4. The method for detecting the confrontation sample based on the model weight variation and the confidence degree distance according to claim 1, wherein the process of performing the model weight variation on each neural network model modification model weight trained in the step 2) to obtain the variation model comprises:

modifying the neural network model parameter to theta + delta and modifying the loss function to theta + delta

Specifically, for a neural network model trained in the step 2), a clean training set is given

The loss function of the neural network model is changed to:

wherein the neural network model parameter θ satisfies

Defining the weight change quantity delta of the model as:

δ＝-H ^-1 g+η

wherein H is a neural network model in a clean data set

The Hessian matrix of the upper loss function, i.e.

g being the first derivative of the loss function, i.e.

Eta to N (0, 1) are random values that satisfy a standard normal distribution.

Carrying out model weight variation on each neural network model modification model weight trained in the step 2): taking a neural network model trained in the step 2) as a seed model M _s To it proceed withn times of model weight variation operation to obtain n variation models M _m ＝{M ₁ ，M ₂ ，...，M _n }。

5. The method as claimed in claim 4, wherein the change δ of the model weight is further satisfied by:

wherein | · | purple sweet ₂ Which represents the two-norm of the vector,

represents the amount of change of the loss function, and o (1) represents that the higher order is infinitesimal.

6. The method for detecting the confrontation sample based on the model weight variation and the confidence distance according to claim 1, wherein the binary classifier constructed in the step 5) is a three-layer full-connection layer network, the activation functions of the first two layers are ReLU, and the activation function of the last layer is softmax.

7. The method for detecting the confrontation sample based on the model weight variation and the confidence coefficient distance as claimed in claim 1, wherein the process of splicing the confrontation sample confidence coefficient distance matrix and the benign sample confidence coefficient distance matrix in the step 5) as the binary data set comprises:

and marking the class label of the benign sample confidence coefficient distance matrix as 0, marking the class label of the countermeasure sample confidence coefficient distance matrix as 1, and splicing the countermeasure sample confidence coefficient distance matrix and the benign sample confidence coefficient distance matrix to construct a binary data set.
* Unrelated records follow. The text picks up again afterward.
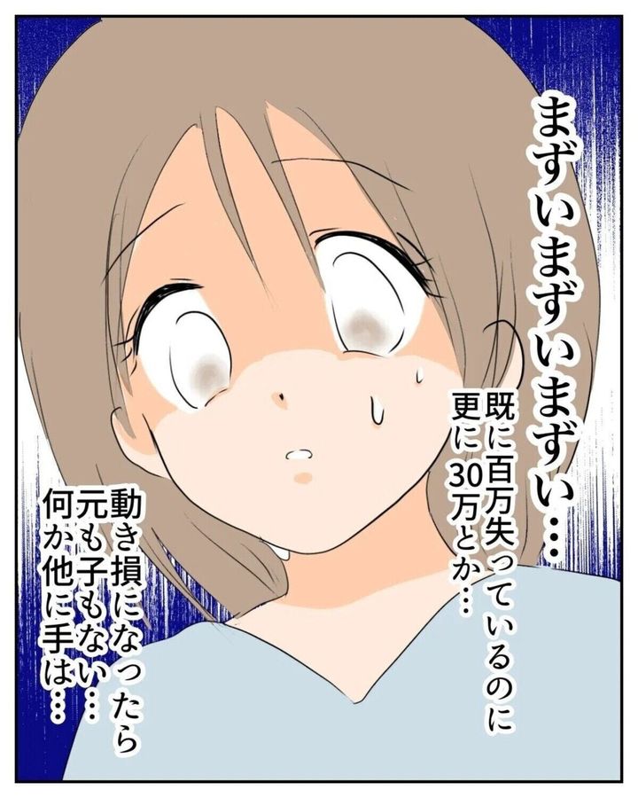 本作では、詐欺被害にあい、100万円を失ってしまったエピソードが描かれています。騙されてしまった自分を激しく責め立て、今後はお金を取り返そうと奔走します。相手がプロの詐欺師だとわかってもなお、お金を取り返すことで頭がいっぱいに。
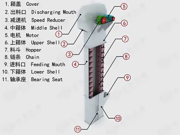 斗式提升機是利用均勻固接于無端牽引構(gòu)件上的一系列料斗,豎向提升物料的連續(xù)輸送機械。分為環(huán)鏈、板鏈和皮帶三種。
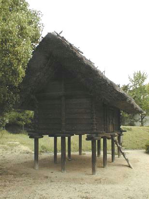 復元された高床式建物は、古照遺跡出土の部材を組み合わせた結果から類推したもの。

8. The method for detecting the confrontation sample based on the model weight variation and the confidence distance as claimed in claim 1, wherein the process of optimizing the binary classifier in the step 5) comprises:

inputting the confidence distance matrix into a trained binary classifier for testing, and if the classification precision does not reach the preset precision, modifying the training round or increasing the structure of a full connection layer in the binary classifier, and retraining the binary classifier;

and inputting the decision score of the benign sample into the binary classifier, and if the classification precision does not reach the preset precision, increasing the number of the benign samples in the training set and retraining the binary classifier.

9. A device for detecting challenge samples based on model weight variation and confidence distance, comprising one or more processors for implementing the method for detecting challenge samples based on model weight variation and confidence distance according to any one of claims 1 to 8.

10. A computer-readable storage medium having stored thereon a program, which when executed by a processor, is configured to implement the method for detecting a challenge sample based on model weight variation and confidence distance according to any one of claims 1 to 8.